于是一夜之间,家家户户门前燃放起了鞭炮,噼里啪啦的声音响彻大街小巷,宛如过新年。
城中百姓也纷纷换上了过年才舍得穿的新衣裳走出家门,逢人就笑脸问好,似乎家中有了什么天大的喜事。
毕竟,自从白巾之乱后,天下四分五裂,各路人马为了争夺权力和地盘打得你死我活,最受苦的还是他们这些平民百姓。

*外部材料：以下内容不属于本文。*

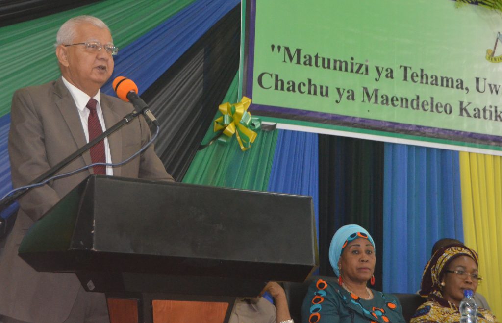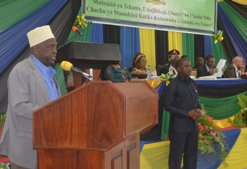 Waziri wa Nchi Ofisi ya Rais Utumishi wa Umma na Utawala Bora Haroun Ali Suleiman akitoa hotuba ya makaribisho kwa Mgeni rasmi katika Maadhimisho ya Wiki ya Utumishi wa Umma yaliofanyika katika ukumbi wa Sheikh Idriss Abdul-wakil kikwajuni Zanzibar.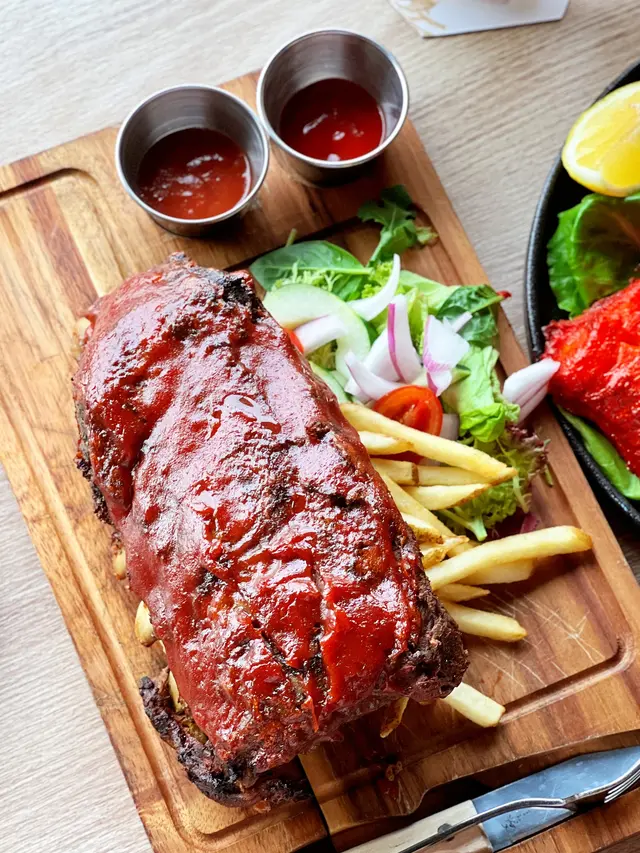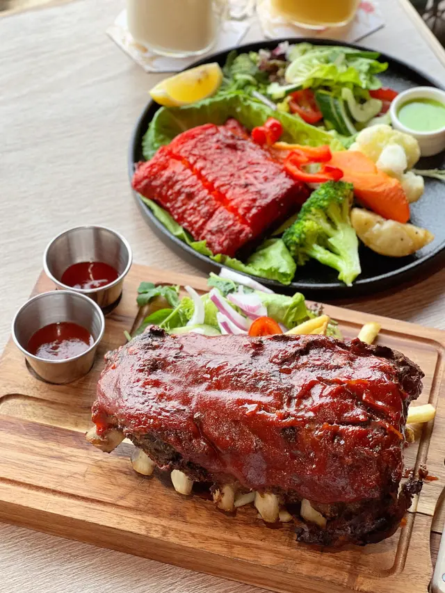走進「Harbourview Grill」,最先被吸引的是玻璃窗外的維港海景。日頭陽光普照,或是黃昏日落,都可以感受到香港維港的景色。毛孩們都知道北角有不少寵物友善商場和餐廳,「Harbourview Grill」更設有的戶外座位。讓大家可攜帶毛孩一起,邊食邊放電。🥑 1. 雞胸牛油果沙律 (Chicken Avocado Salad)餐廳用上新鮮生菜、大量牛油果片和烤雞肉組成豐盛的沙律基底,配以清爽香醋沙律汁一同拌勻。雞肉經香煎至嫩滑微焦、肉質不乾不柴,牛油果則軟滑濃郁,兩者完美結合,帶來層次感明顯的口感。🍖 2. 炭燒豬肋骨 (US Baby Back Ribs)豬肋骨經煙燻低溫慢烤,再刷上BBQ燒烤醬,上枱時色澤深褐帶光澤,醬汁分布均勻。一切開肋排,骨肉輕易分離,中間肉質保持濕潤細嫩,外皮微焦帶煙燻香、內芯卻足夠軟腍。另外配菜有大量脆炸薯條。誠意十足。 🍕 3. 經典薄餅 HVG Special PizzaHarbourview Grill 自家製經典薄餅,餅底薄脆可口,芝士可以「拉絲」,而餡料組合豐富,火腿、洋蔥、辣肉腸、青椒及菠蘿層層堆疊,每一口都同時嚐到菠蘿酸香、肉腸及火腿的鹹香、濃郁芝士香味。 🍎 4. 蘋果金寶 (Apple Crumble)蘋果金寶以傳統英式做法烘焗,新鮮蘋果切粒墊底,拌入肉桂及少量糖漬,再加上酥脆金寶餅碎焗至金黃,還會搭配一球雲呢拿雪糕。要留肚享用甜品呀。🍹 5. Detox Apple 喜愛健康清新口味的朋友,一定要嘈嘈Detox Apple蘋果特飲。以菠菜、青蘋果、西芹、鮮橙搾汁,可以沖淡膩感,為健康加分。🥂 6. Mancura Sauvignon Blanca Glass (Argentina)Mancura Sauvignon Blanca 入口帶有熱帶水果香氣,酒味清新,酸度適中,性價比超值。望着海景,享受美食。…查看更多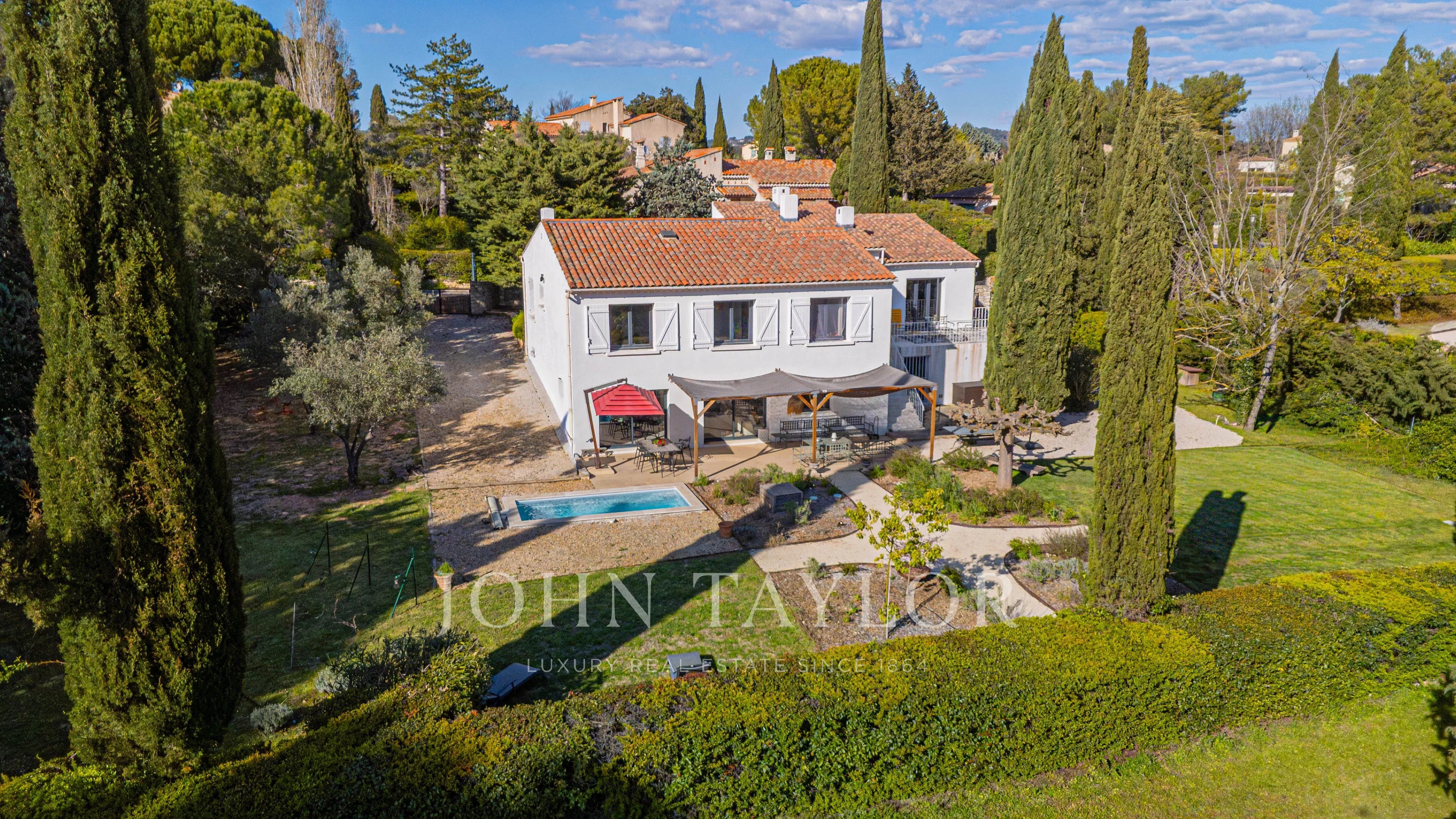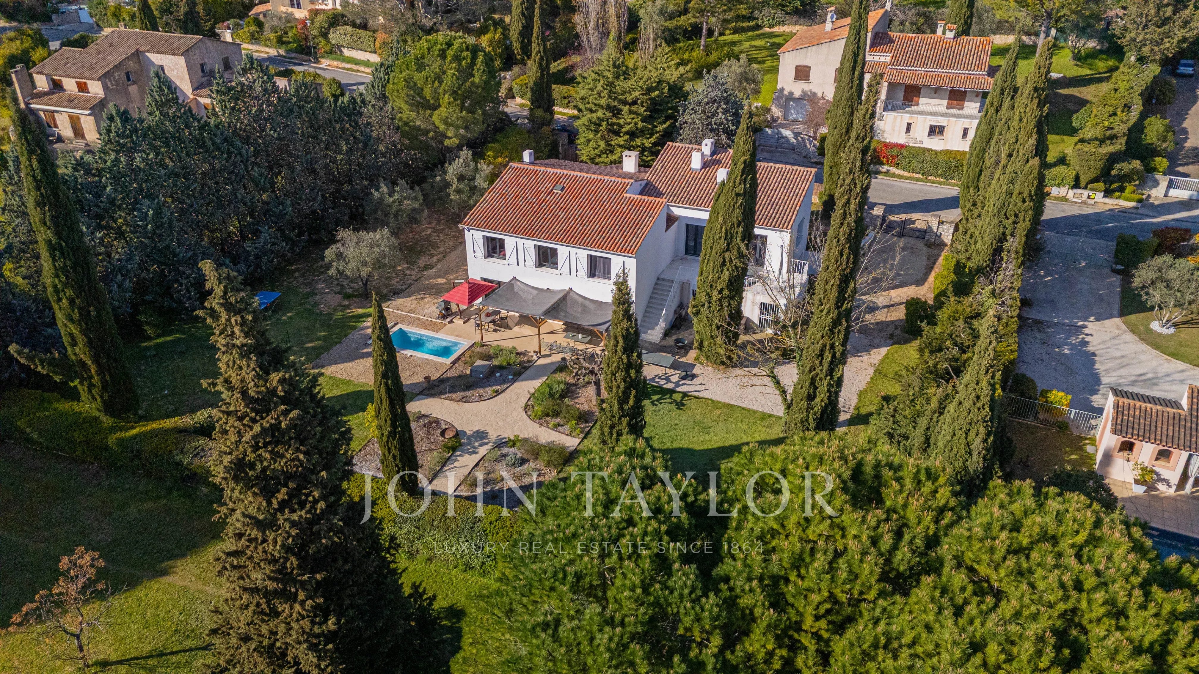 Una casa familiar con piscina en Aix-en-Provence, que combina renovación de calidad, seguridad (guardia en la residencia) y proximidad inmediata a servicios y autobuses.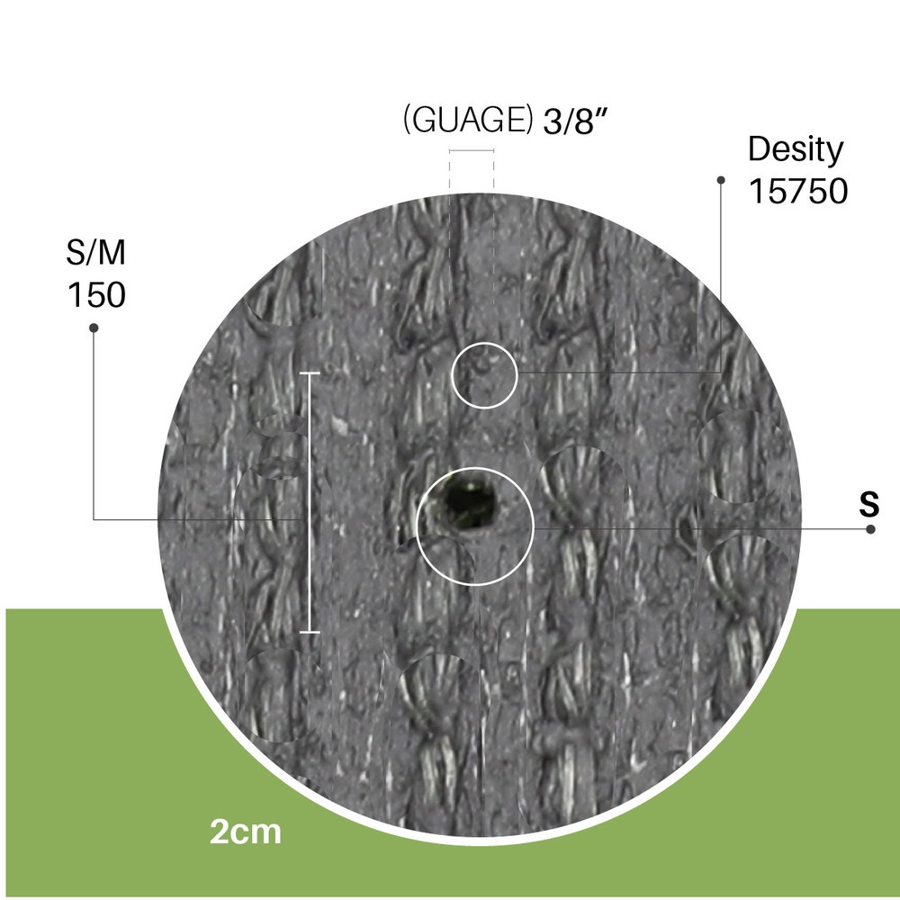 | ความสูงของเส้นใย (มม.) ±1มม.: 20 ระยะห่างเข็ม (นิ้ว): 3/8 อัตราการเย็บ (ต่อ 10 ซม.) ±3%: 15 ความหนาแน่นของการเย็บ (ต่อตารางเมตร) ±3%: 15,750 ค่าเดเท็กซ์ (±10%): 9,200 วัสดุเส้นใย: PE+PP สี: 4-โทน วัสดุรองด้านหลัง: ผ้า PP+ตาข่าย การเคลือบ: สีดำ SBR น้ำหนัก กก./ตร.ม. (±10%): 1.93 |

如今眼看天下重归一统就在眼前,他们如何能不发自内心的欢喜和开心呢!
而洛阳城的众多商家也没有放过这千载难逢的商机,联合在洛水南岸举办了一场声势浩大的花灯会,吸引城中无数百姓竞相前往。
当夜幕降临时,整个洛水南岸仿佛成了花灯的海洋,各种样式的花灯绵延十几里的洛水河畔,流光溢彩,斑斓璀璨,将南岸照得亮如白昼。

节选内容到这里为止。